Collected data:
|---|

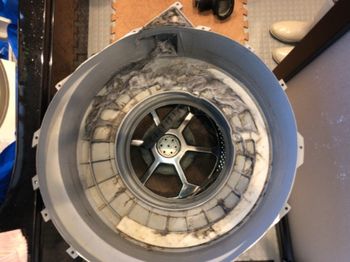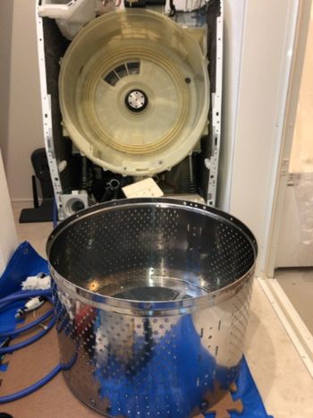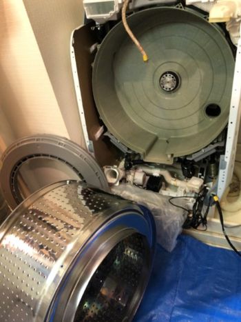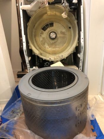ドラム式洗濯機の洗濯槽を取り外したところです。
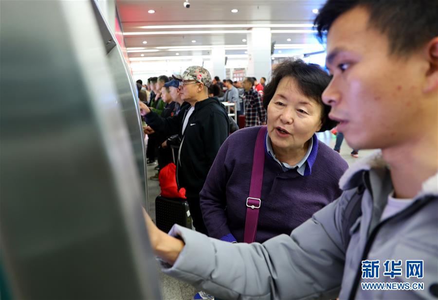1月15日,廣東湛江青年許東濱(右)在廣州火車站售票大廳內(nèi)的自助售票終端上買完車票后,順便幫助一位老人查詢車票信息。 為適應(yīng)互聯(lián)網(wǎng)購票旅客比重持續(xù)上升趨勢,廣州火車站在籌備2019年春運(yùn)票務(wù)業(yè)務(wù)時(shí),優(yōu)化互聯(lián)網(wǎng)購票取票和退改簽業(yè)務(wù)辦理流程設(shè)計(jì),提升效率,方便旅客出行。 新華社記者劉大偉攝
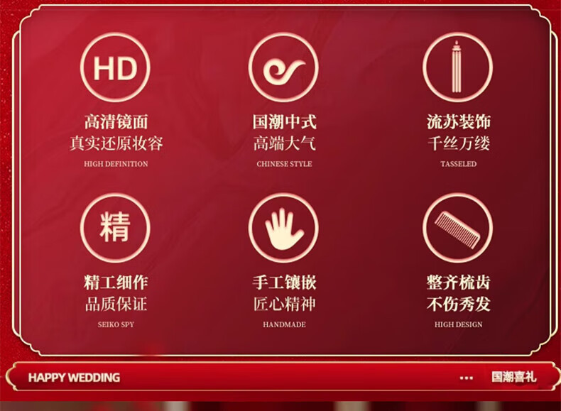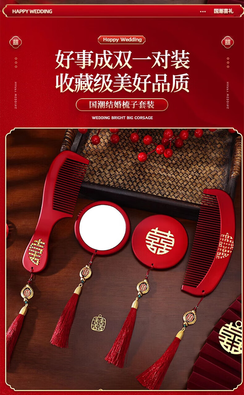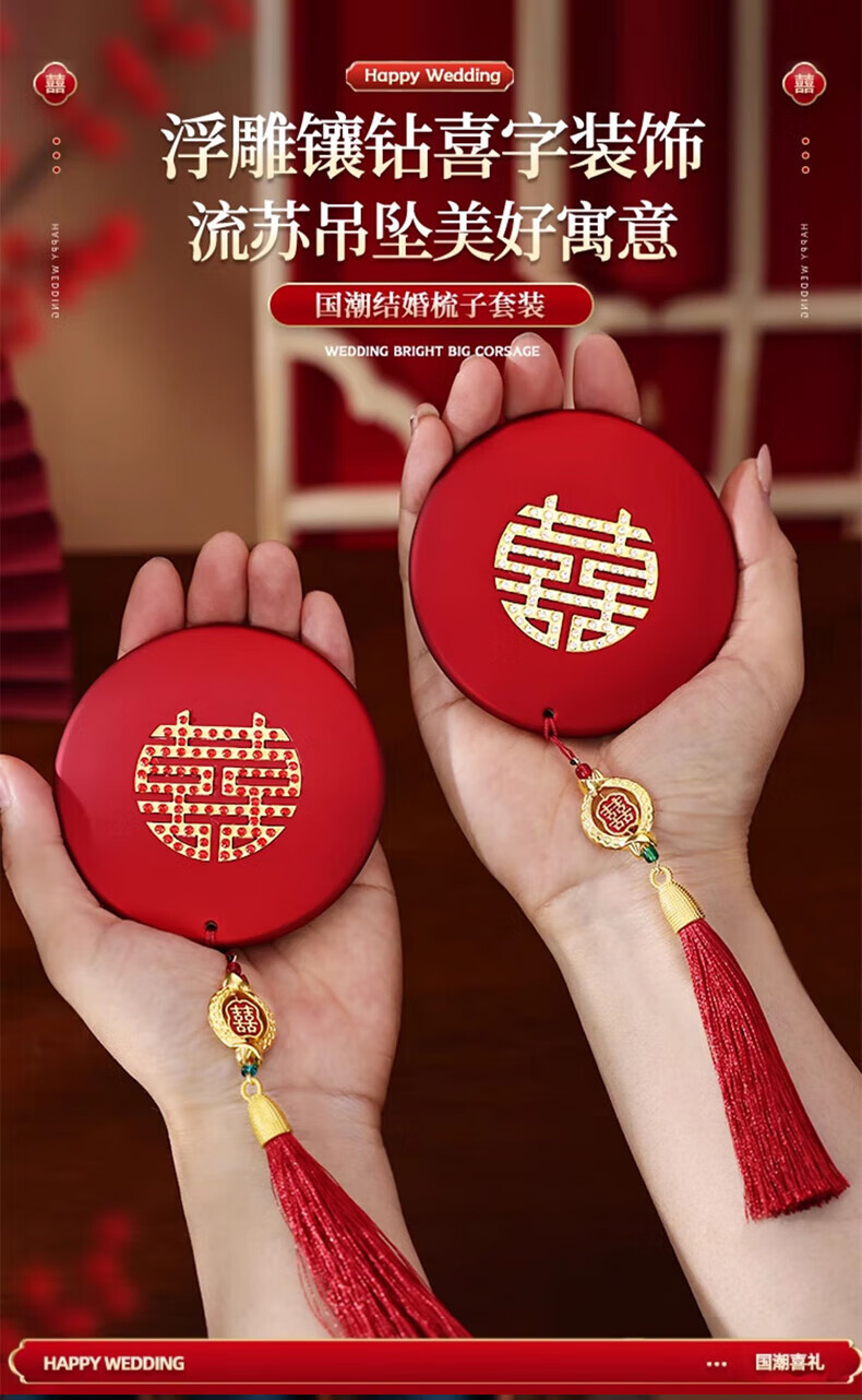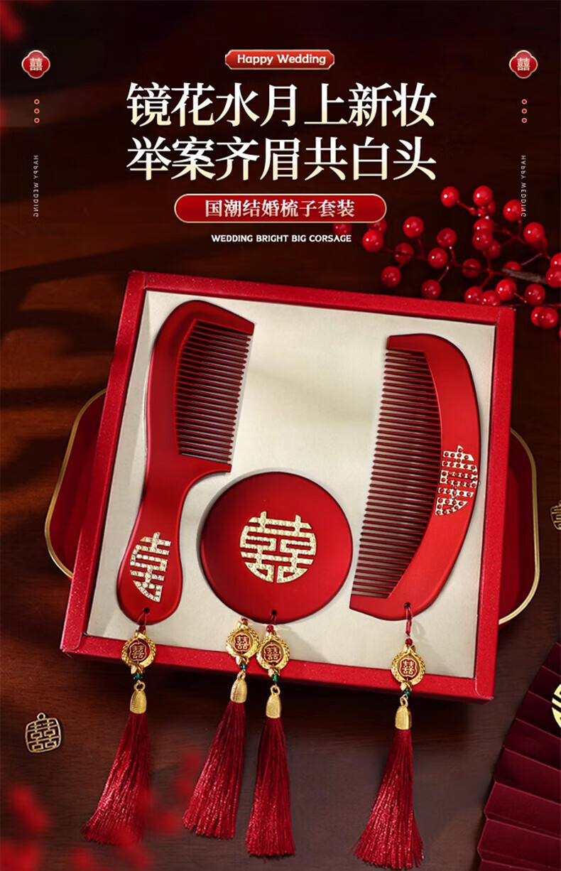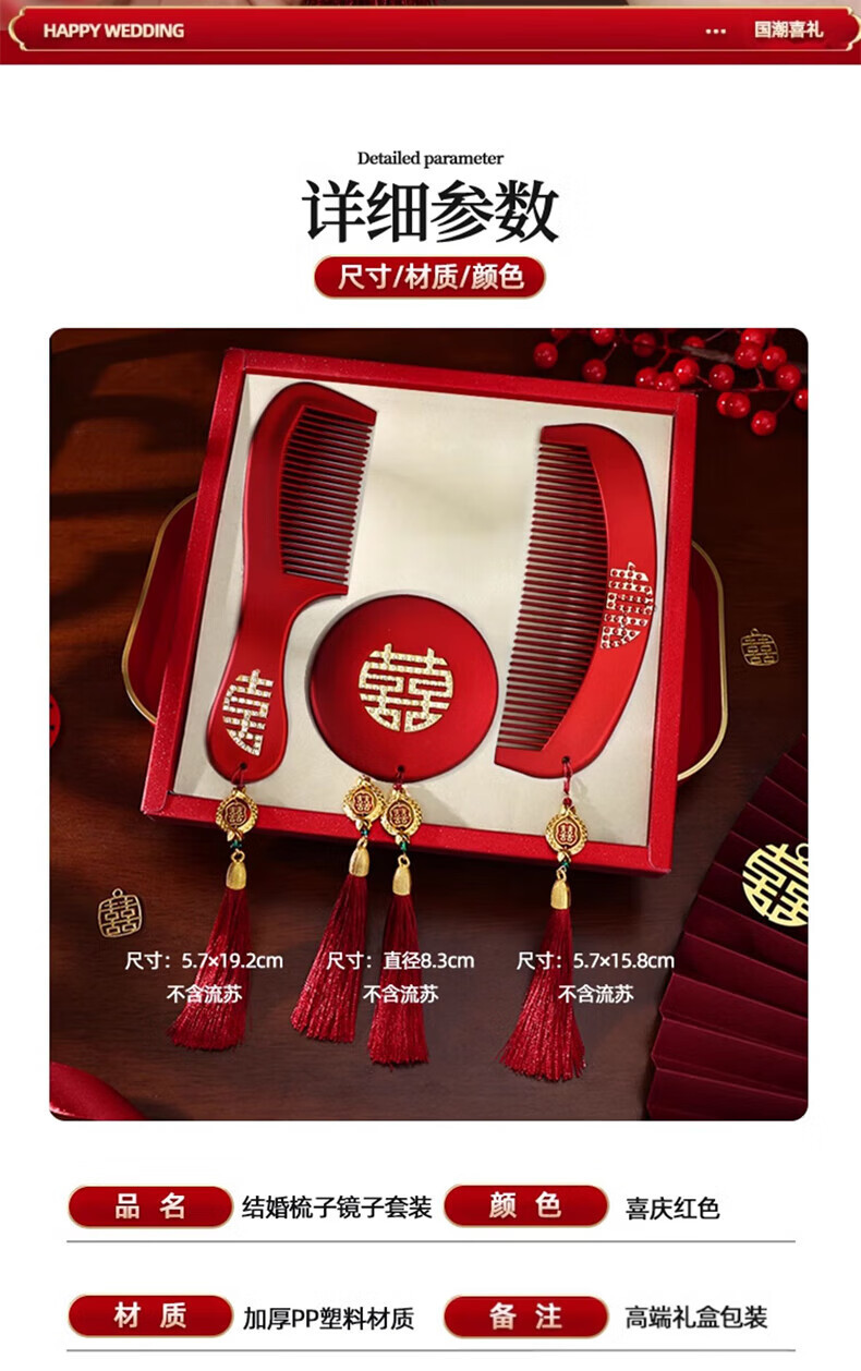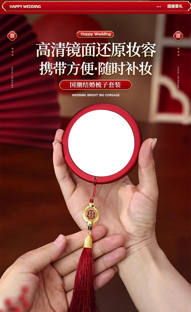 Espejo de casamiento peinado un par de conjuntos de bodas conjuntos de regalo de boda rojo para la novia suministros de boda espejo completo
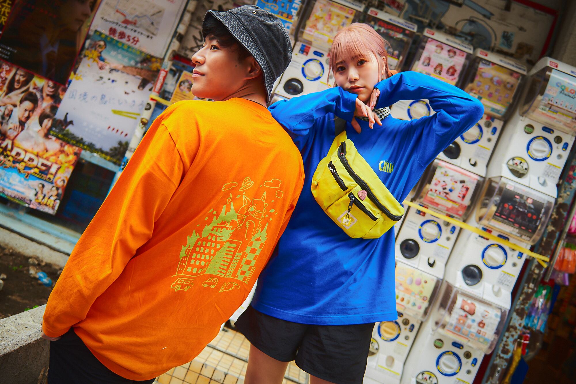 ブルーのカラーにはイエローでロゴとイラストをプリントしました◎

|---|

Task requirements:
Copy, exactly and exclusively, the lines beginning with the one that contains "Espejo de casamiento" and ending with the last line of the listing; pictures are to be omitted.

Result:
 Espejo de casamiento peinado un par de conjuntos de bodas conjuntos de regalo de boda rojo para la novia suministros de boda espejo completo
 ブルーのカラーにはイエローでロゴとイラストをプリントしました◎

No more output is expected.